The RTX 5080 was unable to strongly differentiate itself from the RTX 4080 variants and had very similar performance overall. It was able to pull ahead in the Face Refinement and Optical Flow tests, outperforming the RTX 4080 SUPER by about 13.5% and 20% in those tests, but by and large, the RTX 5080 performs in line with the 4080 variants in this benchmark. Unlike the RTX 5090, which provides the additional benefit of increased VRAM capacity compared to its predecessor, the RTX 5080 doesn’t distinguish itself as an attractive upgrade from the RTX 4080 SUPER and RTX 4080 for DaVinci Resolve AI workloads.

Video: Topaz Video AI

As our final benchmark in this review, we have another commercial application: Topaz Video AI, which is popular for tasks like upscaling and frame interpolation. For more details on how our scoring works for Topaz Video AI, please see our previous analysis here. Just like in that article, we provide an “Overall” result, along with “Enhancement” and “Slowmo” subscores. Additionally, we have provided the raw results for anyone interested in the details of specific tests.

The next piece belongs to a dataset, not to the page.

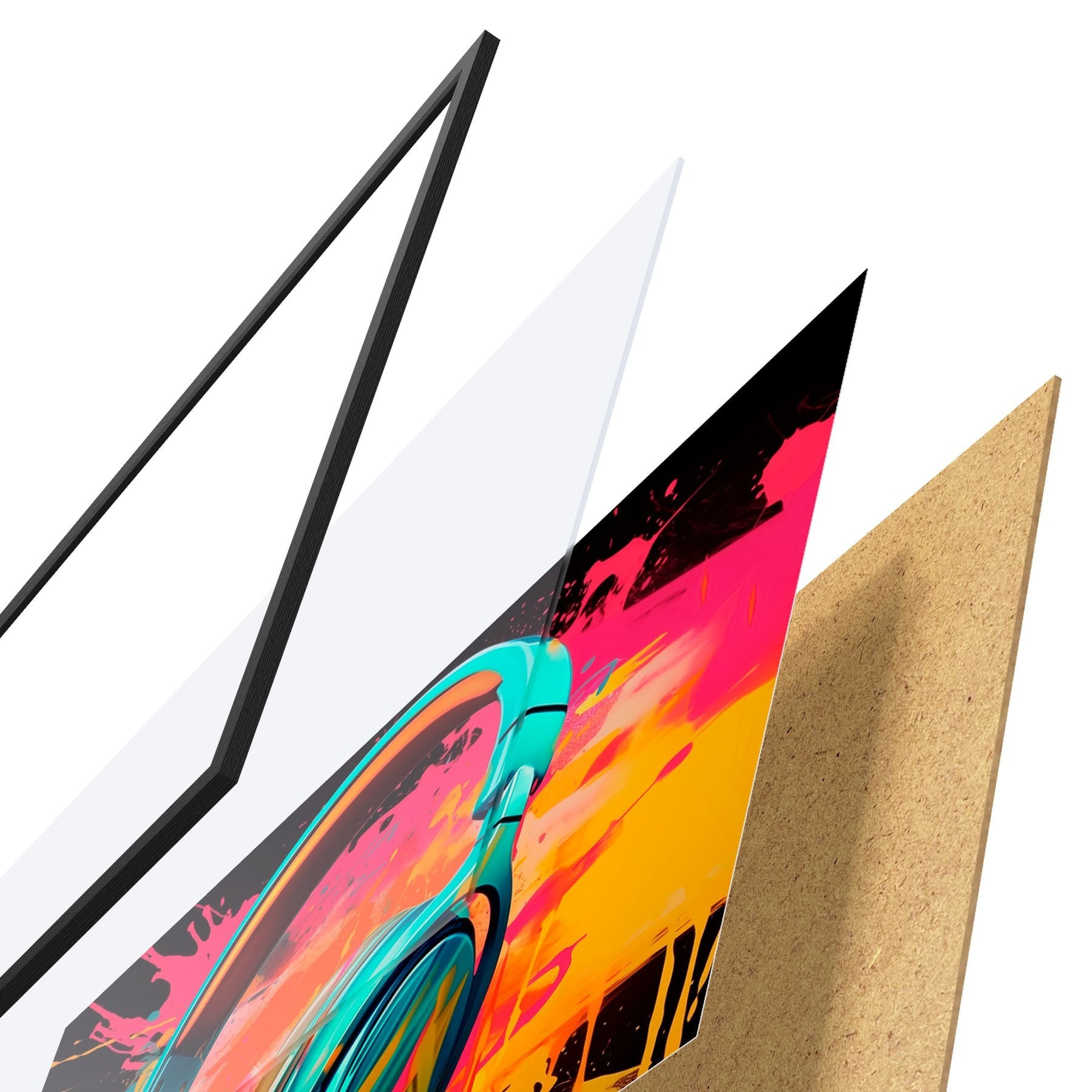 Afișul constă dintr-o ramă, plexiglas, imagine imprimată și suport din PAL. Posterul poate fi agățat imediat pe perete datorită suporturilor de pe spate.

Overall, the Topaz Video AI results for both of the 50-series GPUs were disappointing. In many cases, the RTX 5090 was unable to keep up with the RTX 4090, much less beat it by a meaningful margin, and the same can be said for the RTX 5080 versus the RTX 4080 & 4080 SUPER. It’s clear that, while Blackwell support has been implemented, there is still room for optimization.

How Good is the NVIDIA GeForce RTX 50-Series for AI?

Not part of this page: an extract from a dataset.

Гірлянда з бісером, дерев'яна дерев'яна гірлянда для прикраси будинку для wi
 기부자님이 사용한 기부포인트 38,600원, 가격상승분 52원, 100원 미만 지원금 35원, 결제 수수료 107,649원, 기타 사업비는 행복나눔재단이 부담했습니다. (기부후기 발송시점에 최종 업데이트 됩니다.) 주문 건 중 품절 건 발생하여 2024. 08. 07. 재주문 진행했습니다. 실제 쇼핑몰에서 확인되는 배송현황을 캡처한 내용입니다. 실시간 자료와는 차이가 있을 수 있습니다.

With 32GB of GDDR7 running at 1.79TB/s and impressive compute capabilities, the RTX 5090 is theoretically the best consumer GPU for AI workloads that money can buy. Likewise, although the RTX 5080 has disappointed some by maintaining a total of 16GB of memory, its compute and memory bandwidth improvements provide a respectable performance boost over the RTX 4080 / RTX 4080 SUPER. However, due to the immaturity of support on the software side currently, it’s difficult to give a proper assessment of the RTX 5090 and RTX 5080 for AI workloads. Hopefully, we will soon see better support in libraries like PyTorch, along with proper FP4 implementations in our favorite AI applications and models. 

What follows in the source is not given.